Kennedy's disease is an inherited disease that affects males. It affects movement (motor) ability. It is one of a group of disorders called spinal muscular atrophy (SMA). Onset of the disease is usually between the ages of 20 and 40. Although, it has been diagnosed in men from their teens to their 70s.
Kennedy's disease is caused by a defective gene. This gene is passed down on the mother's side. Daughters of patients with Kennedy's disease are also carriers. Female carriers have a 1 in 2 chance of having a son affected with the disease. Parents with concerns about their children may wish to talk to a genetic counselor.
Early symptoms include:
Tremor of the outstretched hands.
Muscle cramps with exertion.
Fleeting muscle twitches visible under the skin.

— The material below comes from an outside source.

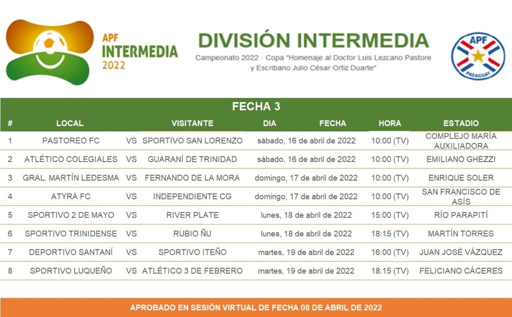 El episodio 3 se pondrá en marcha el sábado 16 de abril con dos partidos; en la ciudad de Minga Guazú se medirán Pastoreo FC vs Sportivo San Lorenzo, y en el barrio Palomar se enfrentarán Atlético Colegiales vs Guaraní de Trinidad. Ambos compromisos están marcados para las 10:00 horas. Recordemos que este viernes se estará disputando la segunda fecha de la División Intermedia, con los juegos: Independiente de Campo Grande vs Deportivo Santaní en el Ricardo Gregor y Rubio Ñu vs Sportivo Luqueño en La Arboleda.

Eventually, individuals develop limb weakness. This usually begins in the pelvic or shoulder regions. Weakness of the facial and tongue muscles may occur later in the course of the disease and often leads to:
Dysphagia (difficulty in swallowing).
Dysarthria (slurring of speech).
Recurrent aspiration pneumonia.
Some individuals develop:
Enlargement of male breasts (gynecomastia) and low sperm count.
Non-insulin-dependent diabetes mellitus.
Currently there is no known cure for Kennedy's disease. Treatment is symptomatic and supportive. Physical therapy and rehabilitation to slow muscle weakness and atrophy may prove helpful.